Web services are rapidly taking hold as a standard method of sharing data and functionality among loosely-coupled systems, not only across the web but also within enterprises. At Stanford, we have begun developing a general-purpose Web Service Management System (WSMS) whose goal is to enable querying multiple web services in an integrated and efficient fashion. This talk discusses the first step toward this general goal: optimizing Select-Project-Join queries spanning multiple web services. I will describe algorithms we devised for arranging web services into a pipelined execution plan that minimizes the total running time of the query. I will also report some experimental results with our initial prototype and outline many remaining challenges in realizing a general-purpose WSMS.

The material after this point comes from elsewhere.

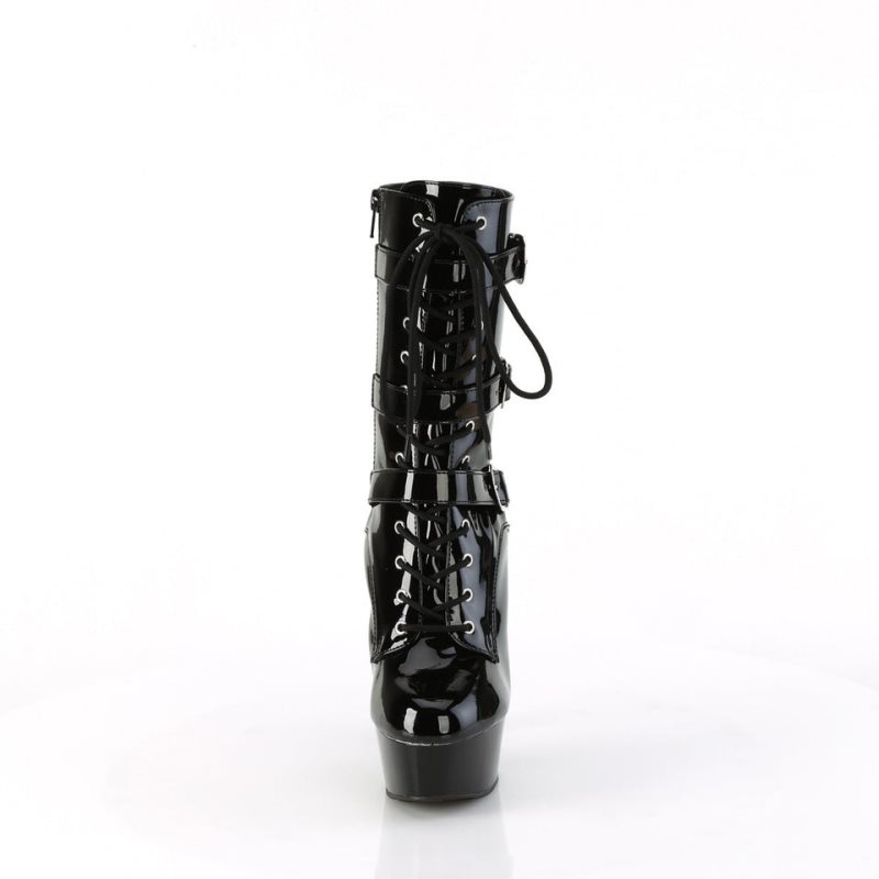 Step into daring style with the Delight-1043 Mid-Calf Boot. Featuring a statuesque 6-inch heel and a sleek 1 3/4-inch platform, this boot is designed for those who love to make an impact. The lace-up front paired with triple buckle straps offers a bold, edgy look, completed with the inner side zip closure. Crafted in a classic black finish, these boots are perfect for adding a touch of drama to any outfit, whether it’s for a night out or a special performance.

Utkarsh Srivastava is a Computer Science Ph.D. candidate in theInfoLab at Stanford University, currently leading the Web Service Management System (WSMS) project. He also contributed to the StanfordData Stream project during his graduate work. He holds a B.Tech. in Computer Science from IIT Kanpur and is a recipient of a Stanford Graduate Fellowship and a Microsoft Graduate Fellowship.

9:45 AM Zoltan Gyongyi
Link Spam Detection Based on Mass Estimation

Link spamming intends to mislead search engines and trigger an artificially high link-based ranking of specific target web pages. In this talk I introduce the concept of spam mass, a measure of the impact of link spamming on a page's ranking. I discuss how to estimate spam mass and how the estimates can help identifying pages that benefit significantly from link spamming. I conclude by presenting our experiments on the host-level Yahoo! web graph, in which we use spam mass estimates to successfully identify tens of thousands of instances of heavy-weight link spamming.

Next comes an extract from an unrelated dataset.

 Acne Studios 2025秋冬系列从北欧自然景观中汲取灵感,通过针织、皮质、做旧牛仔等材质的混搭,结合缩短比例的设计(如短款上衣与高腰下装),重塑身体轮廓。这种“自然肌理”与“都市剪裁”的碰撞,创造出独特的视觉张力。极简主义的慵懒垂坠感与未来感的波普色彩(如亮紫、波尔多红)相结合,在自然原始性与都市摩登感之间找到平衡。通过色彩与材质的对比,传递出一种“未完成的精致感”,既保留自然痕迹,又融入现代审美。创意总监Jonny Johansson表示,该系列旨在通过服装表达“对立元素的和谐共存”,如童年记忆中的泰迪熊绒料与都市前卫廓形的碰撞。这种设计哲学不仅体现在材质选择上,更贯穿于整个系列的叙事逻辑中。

Joint work with Pavel Berkhin and Jan Pedersen from Yahoo! and Hector Garcia-Molina from Stanford. 

Zoltan Gyongyi is a PhD candidate in Computer Science at Stanford University. His primary research interest is web search. Recently he has been working on improving the relevance of search results by combating various types of web spam.

10:45 AM Professor Jennifer Widom
Trio: A System for Data, Uncertainty, and Lineage

Abstract: Trio is a new type of database system that manages uncertainty and lineage of data as first-class concepts, along with the data itself. Uncertainty and lineage arise in a variety of data-intensive applications, including data cleaning, data integration, scientific and sensor data management, and information extraction. This talk will provide an overview of: the new "ULDB" model upon which the Trio system is built; Trio's SQL-based query language (TriQL); a variety of new theoretical challenges and results; Trio's initial prototype implementation; and finally our overall research plan.


Jennifer Widom is a Professor in the Computer Science and Electrical Engineering Departments at Stanford University. She received her Bachelors degree from the Indiana University School of Music in 1982 and her Computer Science Ph.D. from Cornell University in 1987. She was a Research Staff Member at the IBM Almaden Research Center before joining the Stanford faculty in 1993. Her research interests span many aspects of nontraditional data management. She is an ACM Fellow and a member of the National Academy of Engineering, was a Guggenheim Fellow, and has served on a variety of program committees, advisory boards, and editorial boards.

11:15 AM Omar Benjelloun
Entity Resolution in SERF

In the SERF project, we consider the Entity Resolution (ER) problem, in which records determined to represent the same real-world entity (e.g., a person, or a product) are successively located and merged.


Our approach treats the functions for comparing and merging records as black-boxes, which permits generic, extensible ER solutions. This talk will give an overview of our generic framework for ER, and show how simple properties satisfied by the black-box functions enable efficient and deterministic ER algorithms. I will also sketch extensions of our framework to handle numerical confidences associated with the records, and to reduce the cost of ER by parallelizing the computation across multiple processors.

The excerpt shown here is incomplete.